Taxe foncière impayée par le vendeur prélevée sur les loyers dus à l’acquéreur : comment contester ?
CE 22-2-2017 n° 394647
L’existence ou la portée du privilège du Trésor pour le recouvrement de la taxe foncière ne peut être contestée que devant le juge civil. Le juge administratif peut seulement être saisi de recours visant le principe de l’assujettissement à la taxe ou son montant.
Pour assurer le recouvrement de la taxe foncière, le Trésor dispose d’un privilège spécial mobilier qu’il peut exercer sur les loyers des immeubles soumis à cette taxe (CGI art. 1920, 2-2o).
Un immeuble fait l’objet d’une vente le 21 janvier 2010. Les cotisations de taxe foncière dues au titre des années 2009 et 2010 n’ayant pu être recouvrées auprès du précédent propriétaire, l’administration fiscale, invoquant le privilège résultant des dispositions précitées, en recherche le paiement sur les loyers dus par le locataire de l’immeuble au nouveau propriétaire. Ce dernier conteste et demande le remboursement des sommes prélevées. Il porte l’affaire devant le juge administratif.

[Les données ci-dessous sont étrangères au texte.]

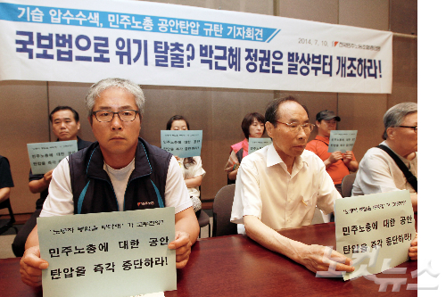 민주노총은 10일 서울 프레스센터에서 기자회견을 열고 "이번 경찰의 압수수색은 정권의 위기 탈출을 위한 색깔론 공세와 공안탄압"이라고 주장했다.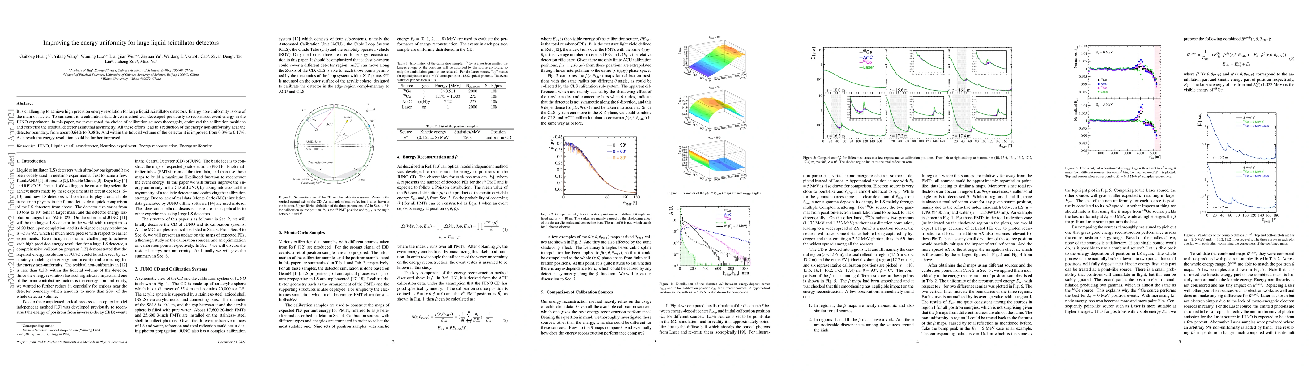This paper details improvements to the energy uniformity in large liquid scintillator detectors, focusing on reducing energy non-uniformity through calibration source optimization, position adjustment, and correction of detector asymmetry. The efforts resulted in significant reductions in non-uniformity, enhancing the overall energy resolution.

Le Conseil d’Etat pose pour principe que seul le juge judiciaire est compétent pour connaître des contestations par le nouveau propriétaire portant sur l’existence ou la portée du privilège du Trésor exercé sur les loyers de l’immeuble (quelle que soit la manière dont la contestation est présentée : contestation d’un acte de poursuite en recouvrement de l’impôt, demande de restitution de l’impôt déjà acquitté à la demande de l’administration avec ou sans mise en œuvre d’un acte de poursuite, ou demande de remboursement de l’impôt sur le fondement de la responsabilité pour faute de l’administration).
Le nouveau propriétaire ne peut saisir le juge administratif que d’une demande tendant à la décharge ou la réduction de l’impôt en contestant soit le principe de l’assujettissement à la taxe foncière du précédent propriétaire soit l’assiette ou le montant de cet impôt. Le nouveau propriétaire doit alors présenter préalablement une réclamation à l’administration dans le délai de l’article R 196-2, b du LPF, soit au plus tard le 31 décembre de l’année suivant la réalisation de l’événement (c’est-à-dire la mise à sa charge de la taxe foncière due par son vendeur).
A noter :
1. La Cour de cassation juge que le texte de l’article 1920, 2-2° du CGI ne distingue pas selon que l’immeuble est ou non resté aux mains du même propriétaire, ce qui justifie que le Trésor exerce un droit de suite sur les loyers pour le paiement de la taxe foncière dont le nouveau propriétaire devient dès lors débiteur direct (Cass. com. 28-3-2006 n° 03-13.822). La doctrine administrative est dans le même sens (BOI-REC-GAR-10-10-20-10 n° 240).
2. Pour se prémunir contre les risques de mise en œuvre du droit de suite auquel il est exposé, l’acquéreur a tout intérêt à obtenir la justification de son vendeur qu’il est à jour du paiement des taxes foncières et, dans la négative, à obtenir une garantie de ce paiement (cautionnement bancaire, séquestre d’une partie du prix, etc.).